» DATA SEGMENT
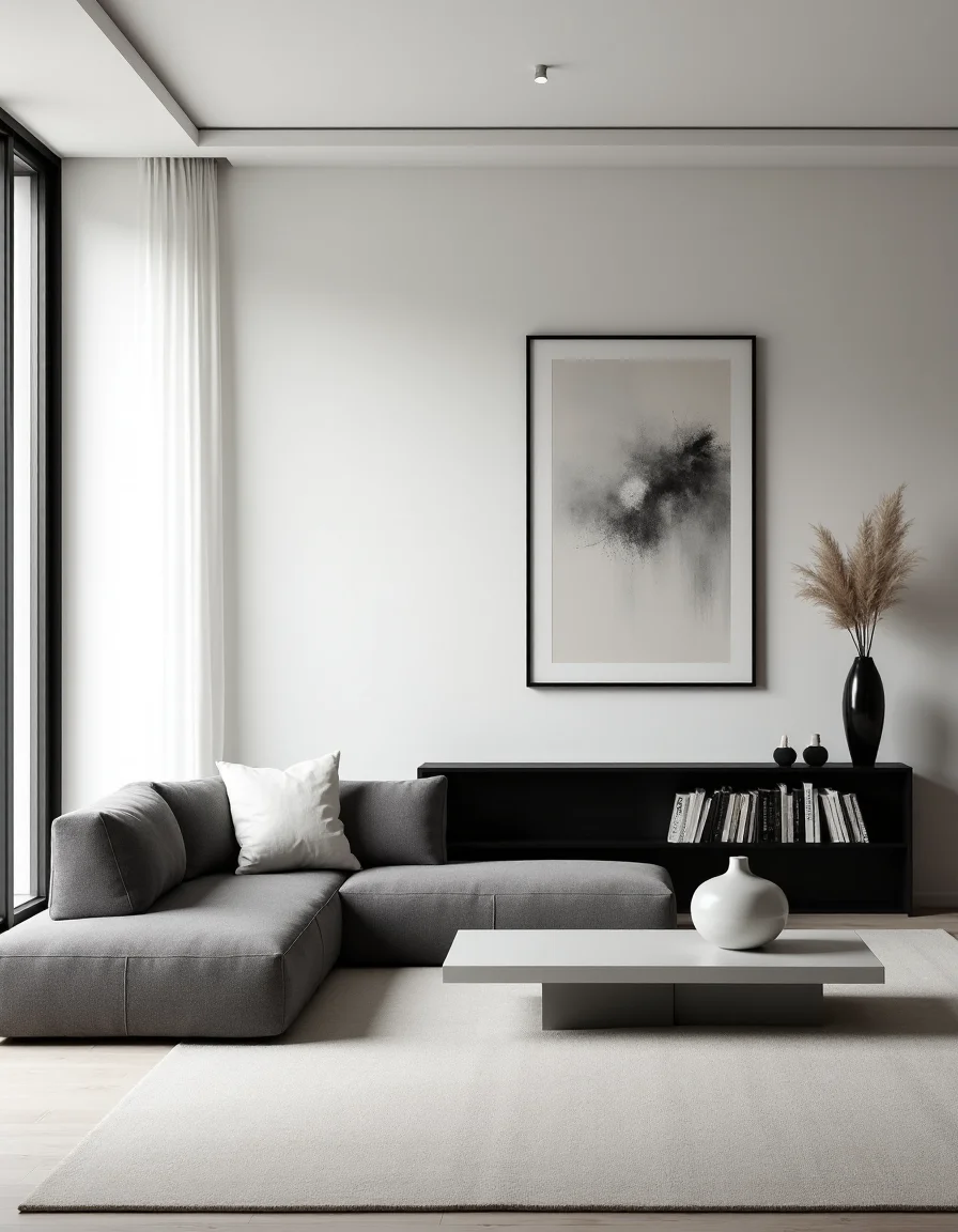 The living room embodies a striking minimalist aesthetic with a predominately monochrome color palette of whites, blacks, and grays, allowing for ample negative space that draws the eye outward. A sleek, low-profile sectional sofa upholstered in a soft charcoal fabric is positioned languidly against a light gray wall, its cushions plump yet understated, complemented by a single, oversized white throw pillow gently placed on one end. In front of the sofa, a simple white coffee table with clean lines holds a delicate ceramic vase, featuring a single stem of a minimalist arrangement of dried grass, emphasizing the beauty of simplicity. To one side, a narrow black bookshelf, flush with the wall, showcases a curated collection of art books, while a single framed abstract black-and-white print hangs above, giving just the right touch of character without overwhelming the space. Large windows drape floor-to-ceiling, dressed in sheer white curtains that softly diffuse the abundant natural light, contributing to the airy feeling of the room.
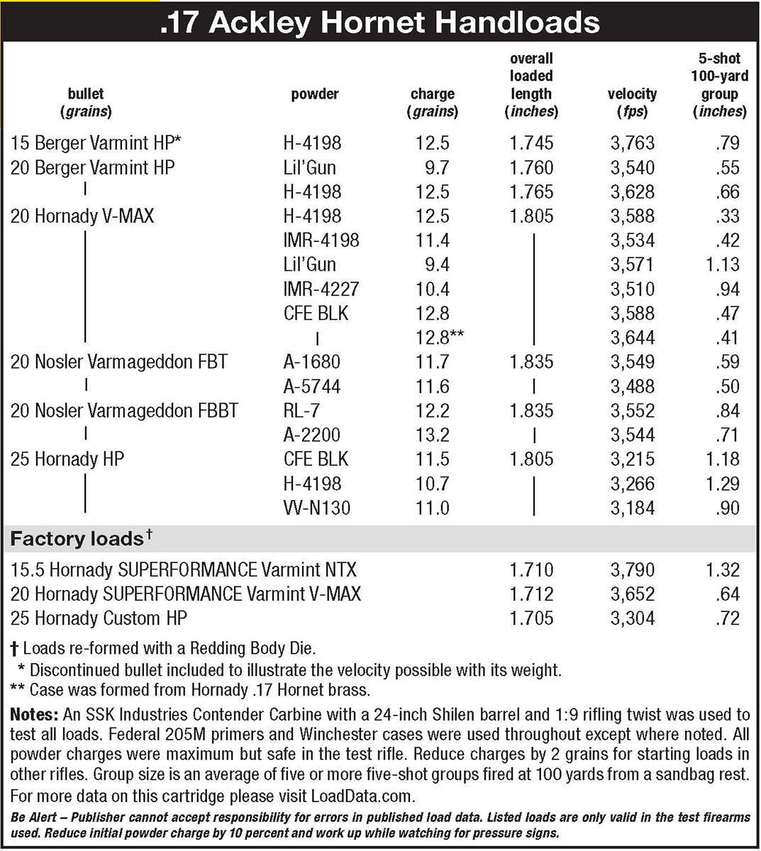 One wonders if bullet weight in the Ackley data might have been a typo. Hodgdon’s 2018 Annual Manual shows a maximum velocity of 3,242 fps for a 25-grain bullet at a chamber pressure of 45,000 psi. Hodgdon did reach and even exceed 3,500 fps, but with a 20-grain bullet. So how fast is the 17 Ackley Hornet and how does its velocity compare with its bigger cousins? Velocity will vary from rifle to rifle, but from the 24-inch barrel of the SSK Industries custom Contender I am presently shooting, maximum velocities for 20- and 25-grain bullets are in the neighborhood of 3,575 fps and 3,250 fps, respectively. Higher velocities are possible, but case life is shortened.
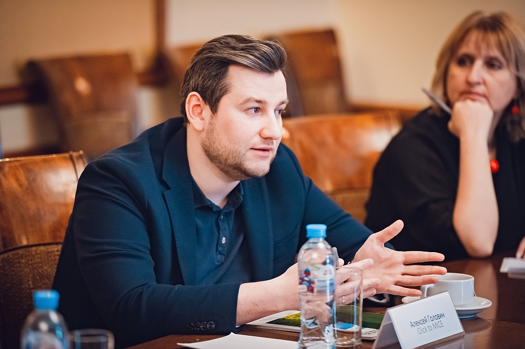 AЛЕКСЕЙ ГОЛОВИН (Click to MICE). Мы занимаемся организацией мероприятий для корпоративных клиентов, нашими клиентами являются агентства и непосредственно заказчики. Мы объединяем поставщиков офлайн, то есть отели, рестораны и так далее, загружаем их на нашу платформу со всем контентом, и с помощью этого сервиса наши клиенты бронируют свои мероприятия и проводят оплату буквально в несколько кликов. В основном мы работаем на небольших типовых мероприятиях, на круглых столах, и 95% наших клиентов это фармбизнес.

» REQUIRED ACTION
Your task is to repeat exactly the lines from the beginning of the data to the line that contains "One wonders if", both ends included, leaving out pictures.

» ANSWER FOR THIS EXERCISE
 The living room embodies a striking minimalist aesthetic with a predominately monochrome color palette of whites, blacks, and grays, allowing for ample negative space that draws the eye outward. A sleek, low-profile sectional sofa upholstered in a soft charcoal fabric is positioned languidly against a light gray wall, its cushions plump yet understated, complemented by a single, oversized white throw pillow gently placed on one end. In front of the sofa, a simple white coffee table with clean lines holds a delicate ceramic vase, featuring a single stem of a minimalist arrangement of dried grass, emphasizing the beauty of simplicity. To one side, a narrow black bookshelf, flush with the wall, showcases a curated collection of art books, while a single framed abstract black-and-white print hangs above, giving just the right touch of character without overwhelming the space. Large windows drape floor-to-ceiling, dressed in sheer white curtains that softly diffuse the abundant natural light, contributing to the airy feeling of the room.
 One wonders if bullet weight in the Ackley data might have been a typo. Hodgdon’s 2018 Annual Manual shows a maximum velocity of 3,242 fps for a 25-grain bullet at a chamber pressure of 45,000 psi. Hodgdon did reach and even exceed 3,500 fps, but with a 20-grain bullet. So how fast is the 17 Ackley Hornet and how does its velocity compare with its bigger cousins? Velocity will vary from rifle to rifle, but from the 24-inch barrel of the SSK Industries custom Contender I am presently shooting, maximum velocities for 20- and 25-grain bullets are in the neighborhood of 3,575 fps and 3,250 fps, respectively. Higher velocities are possible, but case life is shortened.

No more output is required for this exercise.